The famous Win32 blogger Raymond Chen has a post explaining this behavior (focus specifically on the last two quoted paragraphs):
A dialog box maintains the concept of a "default button" (which is always a pushbutton). The default button is typically drawn with a distinctive look (a heavy outline or a different color) and indicates what action the dialog box will take when you hit Enter. Note that this is not the same as the control that has the focus.
For example, open the Run dialog from the Start menu. Observe that the OK button is the default button; it has a different look from the other buttons. But focus is on the edit control. Your typing goes to the edit control, until you hit Enter; the Enter activates the default button, which is OK.

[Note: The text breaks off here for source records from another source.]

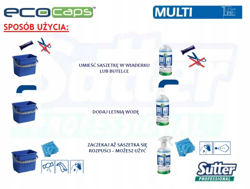 - Uniwersalny detergent MULTI ECOCAPS do wszystkich nowoczesnych powierzchni, luster, okien oraz drzwi, w formie rozpuszczalnych w wodzie kapsułek.
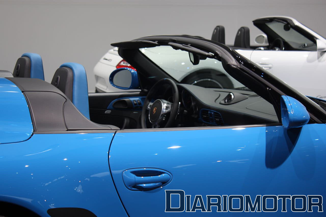 Cuando ví por primera vez el Porsche Speedster desde lejos pensé, ¿qué hace un Gordini en el stand de Porsche? Definitivamente, no estoy acostumbrado a ver un Porsche en ese color que podemos también llamarlo vulgarmente azul pitufo pero tampoco puedo decir que le siente mal al coche. La receta es fácil, sobre la base de un 911 se estiliza la parte posterior sustituyendo las dos mini-plazas por dos abultaciones de chapa para parecerse al Speedster original, todo ello aderezado con unos faldones laterales, delanteros y traseros específicos.
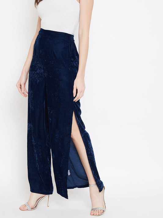 Berrylush Curve Women Plus Size Solid Blue V-Neck Sleeveless Thigh-High Slit Flared Maxi Dress
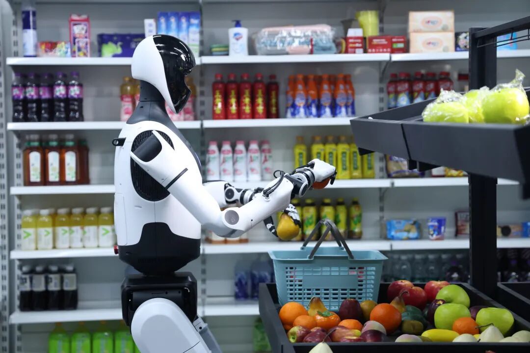 一辆没有方向盘的无人驾驶车,和通勤白领的共享单车一起滑过路口;斑马线旁,手握冰美式的年轻程序员,正戴着耳机沟通人形机器人的步态算法和关节模组扭矩;而在不远处的酒店旋转门里,一台刚送完外卖的机器人丝滑地避开客人,发出礼貌的电子音。
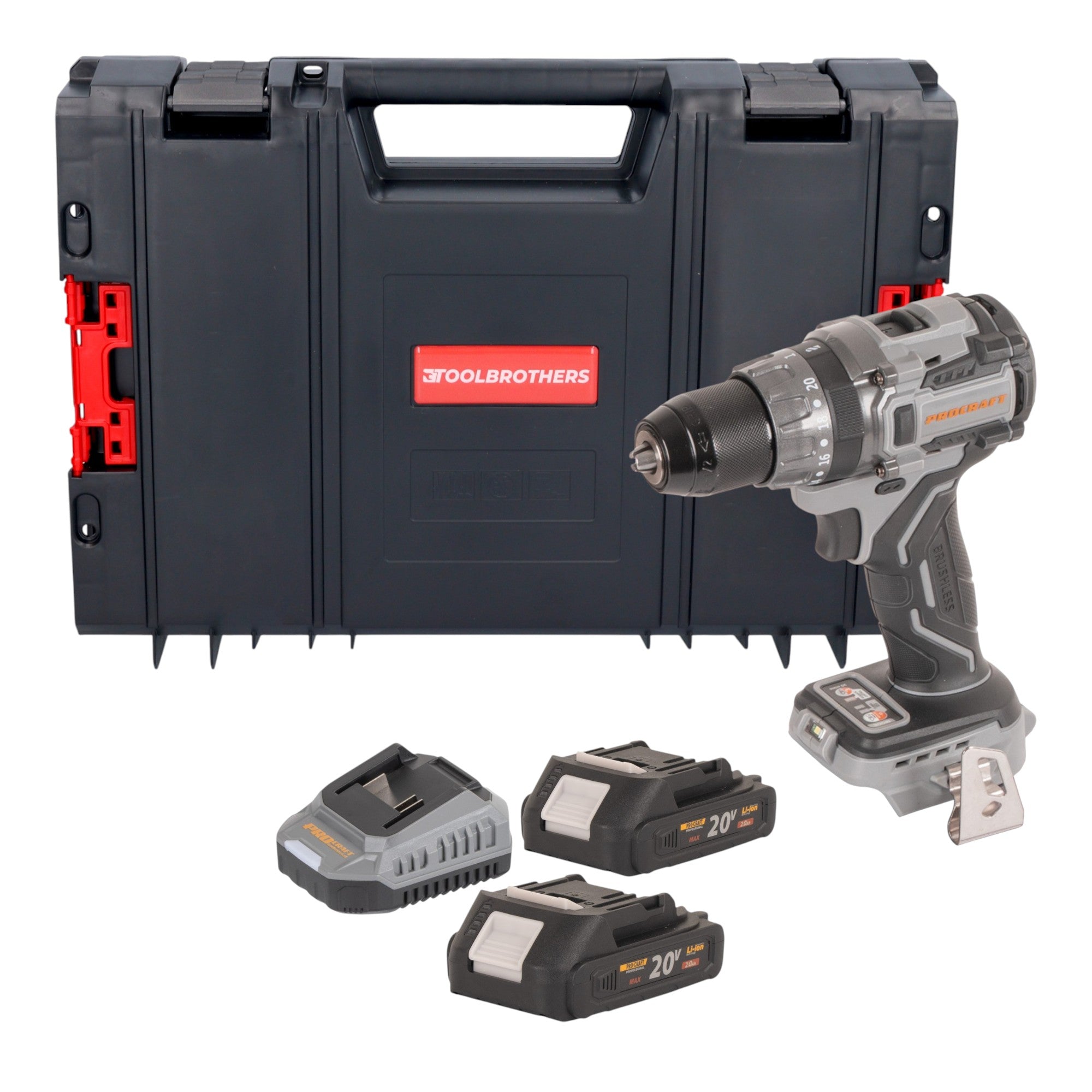 Akumulatorowa wiertarko-wkrętarka Procraft CD20Abb 20 V 85 Nm + 2x akumulator 2,0 Ah + ładowarka + walizka narzędziowa RHINO
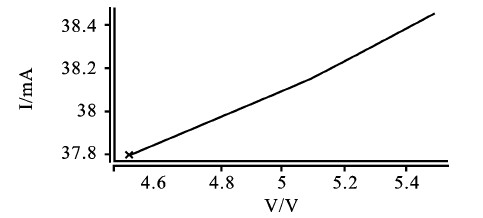 設置Rset為500Ω、Vcc為3V,令5V電源電壓產生±10%的波動,此時恒流輸出情況如圖5.驅動電流由37.8mA變化到38.5mA,波動百分比為1. 85%。
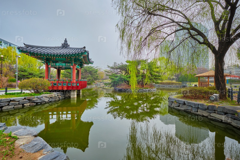 Yeouido Park общественный парк пруд с загородным павильоном в Сеуле, Корея
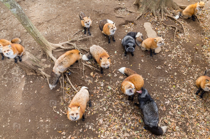 Лисы в ожидании еды
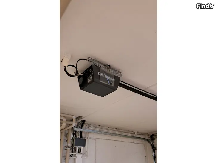 Dörrarna är 3 meter breda och 2,15 höga. Flera fjärrkontroller finns. Avlastningsfjädern till ena dörren är sönder och därför byter husbolaget ut båda dörrarna. Pris 400 + 600 €. Får avhämtas från Brändö när montören är klar.
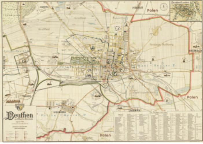 Beuthen in Oberschlesien – mapa z roku 1927 (z zasobów Cyfrowej Bibliotek Narodowej POLONA)
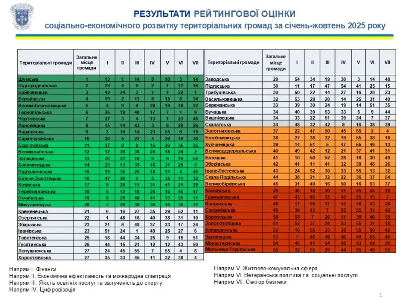 Детальні результати, динаміка та профілі громад – на сайті ОВА: https://oda.te.gov.ua/reitynhova-otsinka-sotsialno-ekonomichnoho-rozvytku-terytorialnykh-hromad
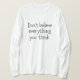 I love this shirt. I had written to the artist asking her if this picture was available on a shirt, and she wrote me back telling me where I could find the shirt. These shirts can be custom made to have a different saying. I loved this saying and went with it. The artist wrote me back later to tell me that she had seen my order go through. How's that for service? Pretty special. It's just as displayed. Perfect!
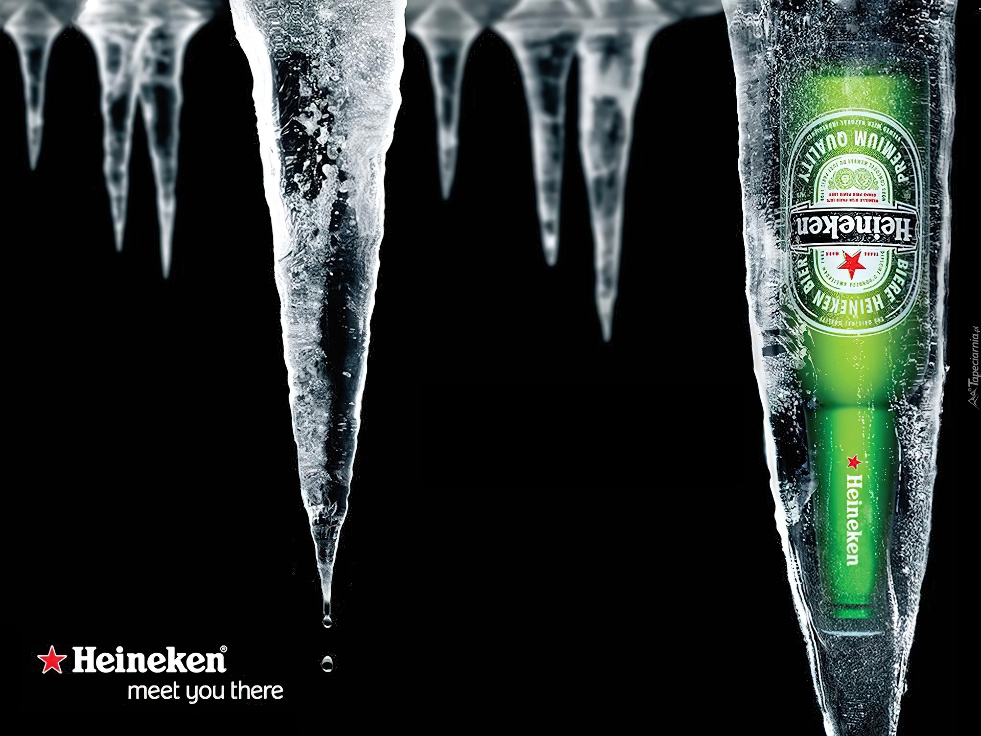 Edytor tapety: Butelka, Heineken, Sople, Lodu

As you tab through the dialog, observe what happens to the default button. When the dialog box moves focus to a pushbutton, that pushbutton becomes the new default button. But when the dialog box moves focus to something that isn't a pushbutton at all, the OK button resumes its position as the default button.
The dialog manager remebers which control was the default button when the dialog was initially created, and when it moves focus to something that isn't a button, it restores that original button as the default button.
The behavior that I would expect is:
If I press enter when the window just pop up, it should press the default button
If I press tab, I start navigating through the widgets. In this case there are two options:
2.1 I press enter - this event should be delivered to the focused widget. There's no need to change the default button - simply hand the event to the focused widget.
2.2 I press escape. In this case, everything should go back to the state after the window is created.
Notes:
I come from a mixed background - I don't know if I learned this in windows, linux or Mobile OSes! This is just how I expect things to work out.